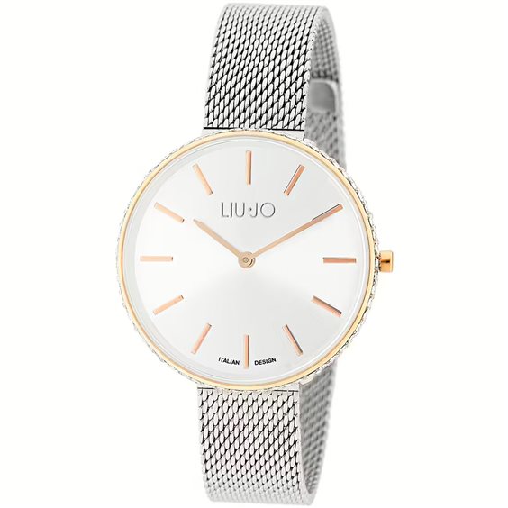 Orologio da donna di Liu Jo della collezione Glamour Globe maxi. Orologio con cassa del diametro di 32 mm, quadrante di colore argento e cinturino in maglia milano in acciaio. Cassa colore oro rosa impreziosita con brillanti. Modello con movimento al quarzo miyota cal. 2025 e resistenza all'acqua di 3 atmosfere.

--

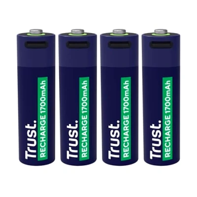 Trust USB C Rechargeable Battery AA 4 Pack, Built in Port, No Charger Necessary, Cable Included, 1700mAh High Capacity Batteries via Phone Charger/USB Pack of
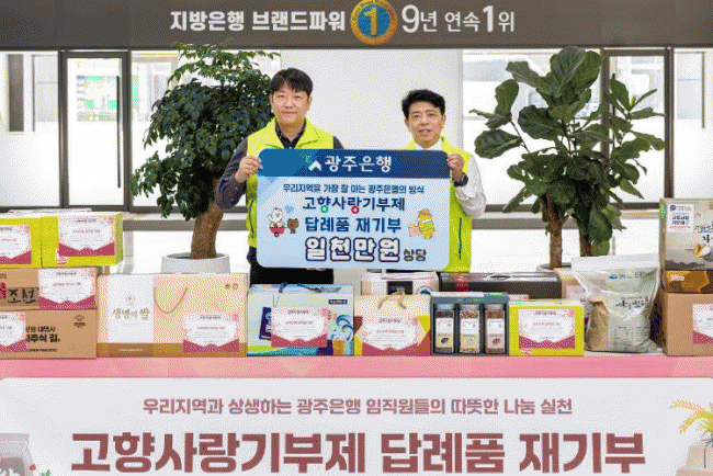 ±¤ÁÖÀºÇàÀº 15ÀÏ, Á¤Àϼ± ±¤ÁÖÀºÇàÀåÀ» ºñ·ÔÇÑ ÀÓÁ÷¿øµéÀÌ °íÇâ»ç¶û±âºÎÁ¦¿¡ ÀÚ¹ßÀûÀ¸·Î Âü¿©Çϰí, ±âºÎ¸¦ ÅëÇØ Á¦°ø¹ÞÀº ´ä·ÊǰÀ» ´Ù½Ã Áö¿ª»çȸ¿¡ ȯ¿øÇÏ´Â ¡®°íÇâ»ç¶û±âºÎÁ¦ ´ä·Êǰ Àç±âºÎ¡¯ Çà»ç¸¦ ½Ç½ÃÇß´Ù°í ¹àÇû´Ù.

* * *

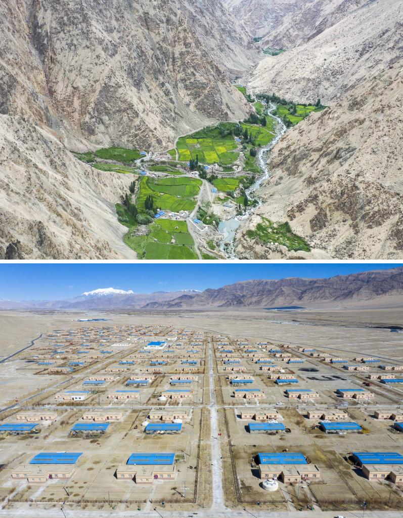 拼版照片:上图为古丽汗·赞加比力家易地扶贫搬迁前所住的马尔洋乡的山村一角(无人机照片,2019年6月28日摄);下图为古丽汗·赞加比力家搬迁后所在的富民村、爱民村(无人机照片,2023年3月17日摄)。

» WHAT IS EXPECTED: Using the records above, return verbatim only the part that opens with the line containing "Trust USB C" and closes with the line containing "ÀÚ¹ßÀûÀ¸·Î Âü¿©Çϰí, ±âºÎ¸¦"; pictures stay out.

» RESPONSE:
 Trust USB C Rechargeable Battery AA 4 Pack, Built in Port, No Charger Necessary, Cable Included, 1700mAh High Capacity Batteries via Phone Charger/USB Pack of
 ±¤ÁÖÀºÇàÀº 15ÀÏ, Á¤Àϼ± ±¤ÁÖÀºÇàÀåÀ» ºñ·ÔÇÑ ÀÓÁ÷¿øµéÀÌ °íÇâ»ç¶û±âºÎÁ¦¿¡ ÀÚ¹ßÀûÀ¸·Î Âü¿©Çϰí, ±âºÎ¸¦ ÅëÇØ Á¦°ø¹ÞÀº ´ä·ÊǰÀ» ´Ù½Ã Áö¿ª»çȸ¿¡ ȯ¿øÇÏ´Â ¡®°íÇâ»ç¶û±âºÎÁ¦ ´ä·Êǰ Àç±âºÎ¡¯ Çà»ç¸¦ ½Ç½ÃÇß´Ù°í ¹àÇû´Ù.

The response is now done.